**** RECORDS FOR PROCESSING ****

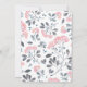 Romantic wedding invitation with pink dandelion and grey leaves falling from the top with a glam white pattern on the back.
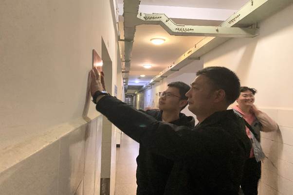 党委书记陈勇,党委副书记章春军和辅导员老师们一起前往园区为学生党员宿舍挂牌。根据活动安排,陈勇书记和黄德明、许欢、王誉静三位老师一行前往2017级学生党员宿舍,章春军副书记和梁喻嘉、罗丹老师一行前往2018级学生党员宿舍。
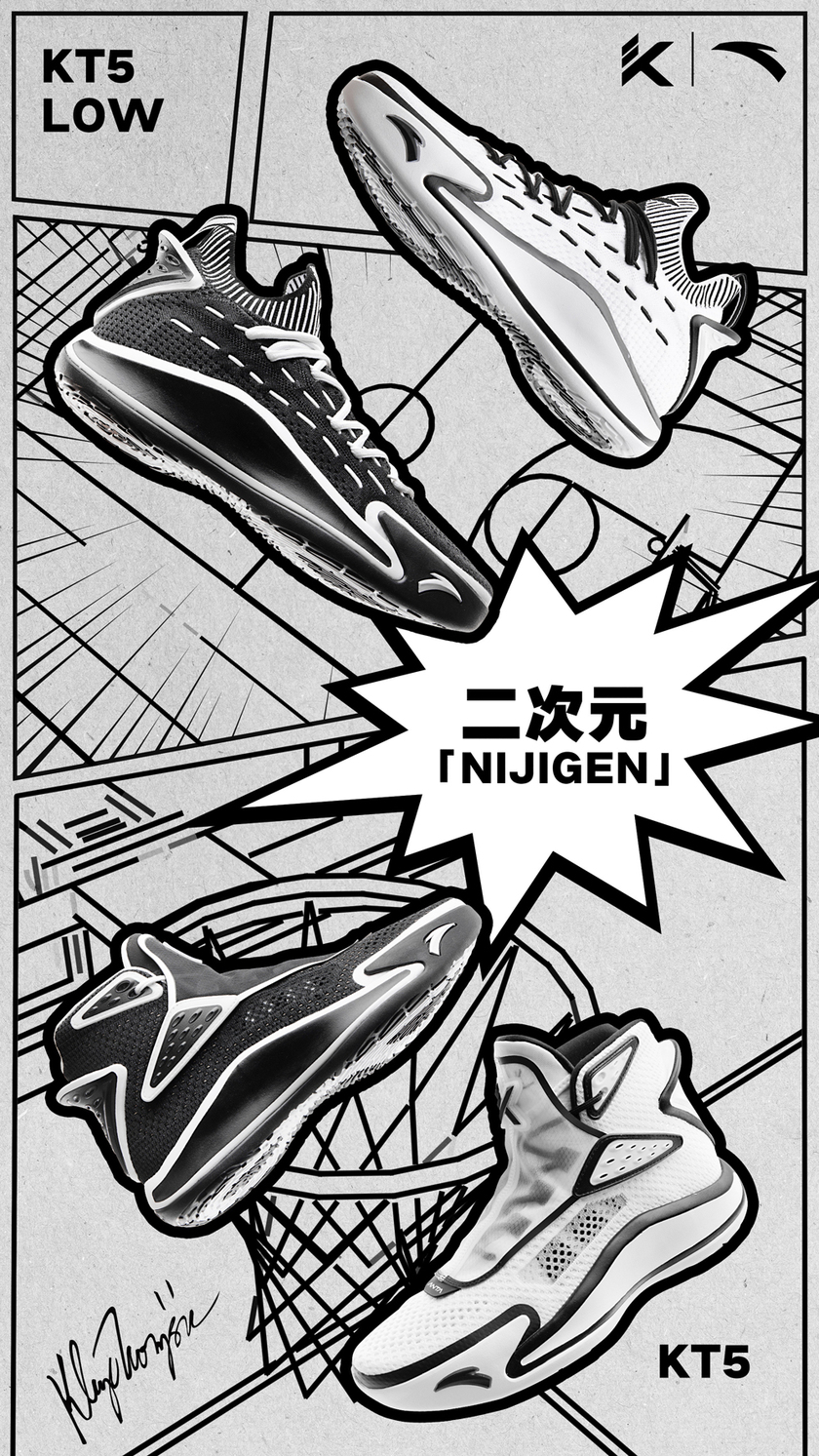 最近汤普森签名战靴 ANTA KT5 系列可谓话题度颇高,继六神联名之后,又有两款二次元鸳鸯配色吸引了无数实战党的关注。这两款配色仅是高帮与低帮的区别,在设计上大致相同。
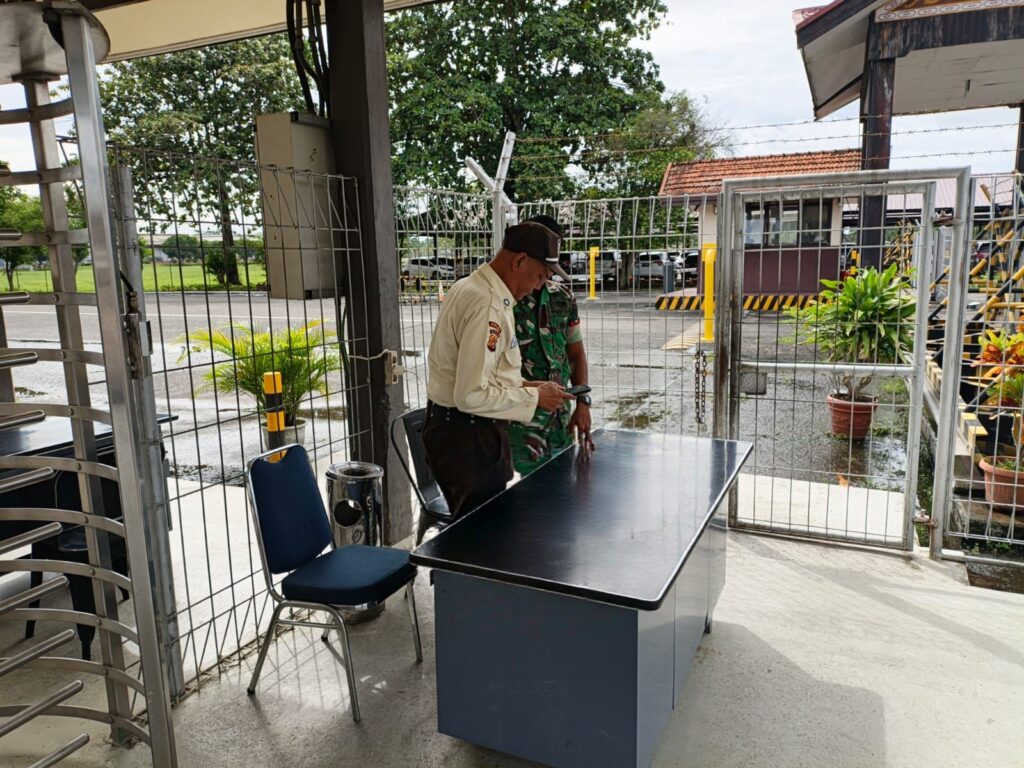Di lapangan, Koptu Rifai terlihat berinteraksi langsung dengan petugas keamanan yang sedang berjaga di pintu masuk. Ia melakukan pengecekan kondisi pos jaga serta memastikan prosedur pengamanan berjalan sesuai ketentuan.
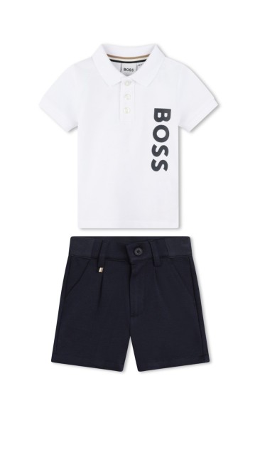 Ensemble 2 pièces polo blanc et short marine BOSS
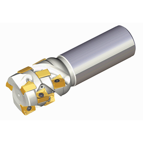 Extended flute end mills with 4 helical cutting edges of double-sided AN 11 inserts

****
**** RECORDS FOR PROCESSING ****

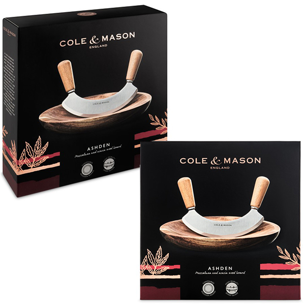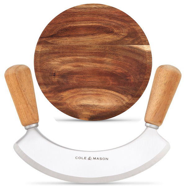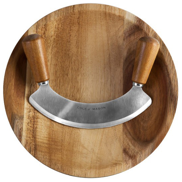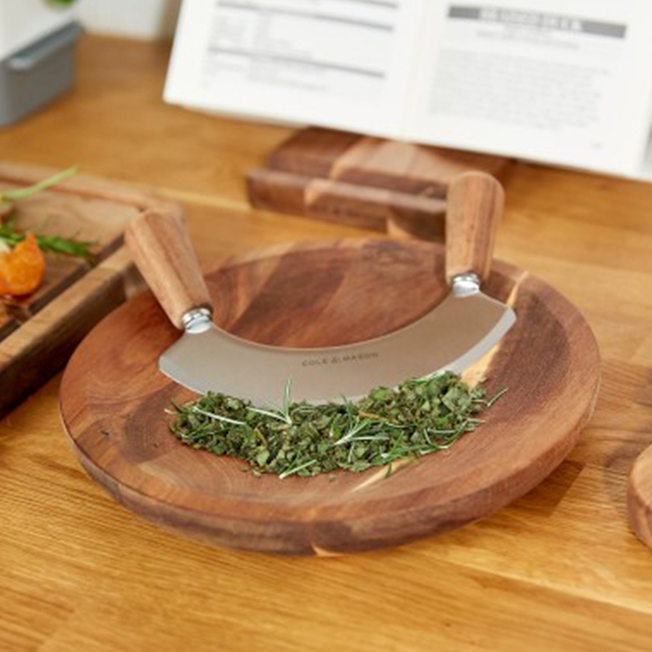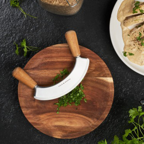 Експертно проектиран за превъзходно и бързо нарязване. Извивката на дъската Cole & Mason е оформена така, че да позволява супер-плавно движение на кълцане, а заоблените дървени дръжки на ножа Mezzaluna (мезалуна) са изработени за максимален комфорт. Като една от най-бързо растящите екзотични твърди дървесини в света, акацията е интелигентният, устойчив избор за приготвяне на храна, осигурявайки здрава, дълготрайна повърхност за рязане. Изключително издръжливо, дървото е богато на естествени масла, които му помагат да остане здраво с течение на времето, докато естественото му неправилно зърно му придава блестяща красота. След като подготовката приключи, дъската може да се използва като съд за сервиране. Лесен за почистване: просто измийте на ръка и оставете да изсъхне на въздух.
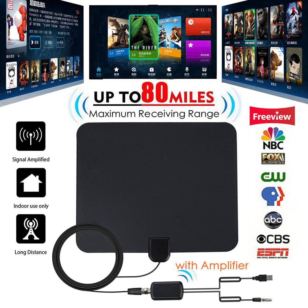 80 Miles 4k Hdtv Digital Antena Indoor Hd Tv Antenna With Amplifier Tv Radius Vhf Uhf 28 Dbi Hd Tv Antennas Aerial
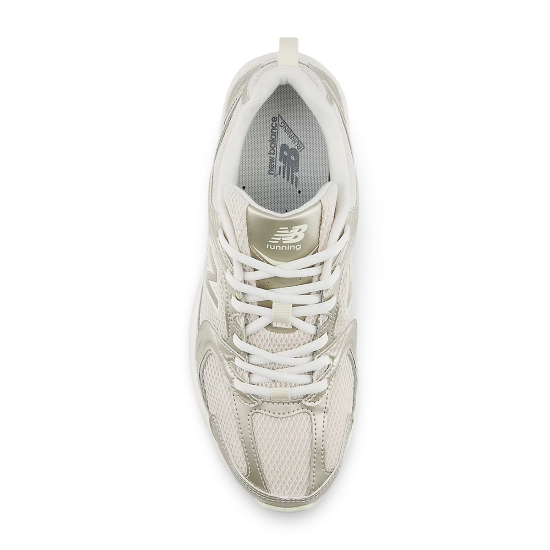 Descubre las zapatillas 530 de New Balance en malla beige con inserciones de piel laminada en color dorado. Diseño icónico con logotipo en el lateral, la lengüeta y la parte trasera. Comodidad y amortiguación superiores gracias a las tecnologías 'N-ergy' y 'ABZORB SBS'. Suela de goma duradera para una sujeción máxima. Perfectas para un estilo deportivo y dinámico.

****

**PROBLEM TO SOLVE**: Please repeat the lines of the material above exactly, starting with the line that contains "Di lapangan, Koptu" and ending with the line that contains "Extended flute end". Leave the pictures out.

**RESPONSE TO THIS EXERCISE**:
Di lapangan, Koptu Rifai terlihat berinteraksi langsung dengan petugas keamanan yang sedang berjaga di pintu masuk. Ia melakukan pengecekan kondisi pos jaga serta memastikan prosedur pengamanan berjalan sesuai ketentuan.
 Ensemble 2 pièces polo blanc et short marine BOSS
 Extended flute end mills with 4 helical cutting edges of double-sided AN 11 inserts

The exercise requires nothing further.